Shepherd also writes, “The olfactory cortex responds especially to changes in its input signals from the olfactory bulb; it adapts (reduces its responses) to continued stimulation with the same smells.”
This leads me to believe that lateral inhibition was intended as a defense mechanism for humans to smell changes in its environment as a means of detection, which becomes stored as a memory and attached to the input of the smell.
Finally Shepherd states, “These changes with learning enable the system to improve its ability to match an input pattern to a stored pattern, so that finer discrimination between more similar smell molecules can occur. These changes also enable the system to improve its signal-to-noise ratio, so that detection and discrimination of a particular smell can be enhanced against a background of many smells.” (Shepherd 103)

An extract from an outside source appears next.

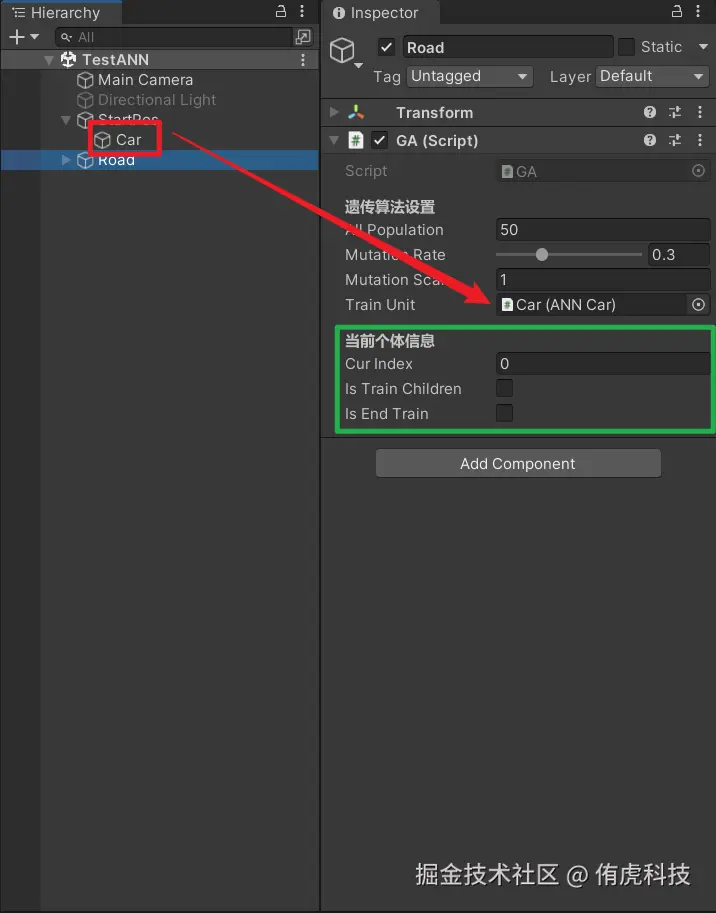 至于绿色框内的,Is End Train用来结束遗传算法的训练,并将最好的结果保存到先前的ScriptObject中。其余只是用来观察小球当前训练情况而已。

In an article by Tom Brown Jr. on Concentric Rings in nature published in The Tracker magazine in 1984 describes the navigation of stimulation responses when hunting in the woods. Tom Brown Jr. recommends “learning to establish the symphony”, and in the context of the article, is the process of tracking animals in the woods in circular motions as to not create another concentric ring that interferes with the one you are pursuing. For practice, he advises trying to read the concentric circles that are sent off of a particular friend entering the woods after you have sat and established a symphony for a while (Brown 1984).
I don’t think the tracker is able to sit down and triangulate the shape of the animal’s movement through the woods better than the tracker is able to use his nose as a tuning fork, striking a deep breath of fresh air to pick up on resonating frequencies nearby. Over time the tracker’s ability to detect concentric rings increases because of how smell is stored into our memory. The recurrent excitation of smelling with every breath, plus the lateral inhibition of similar smells becoming dulled over time, lead to quicker responses in recognizing changes in the smell environment.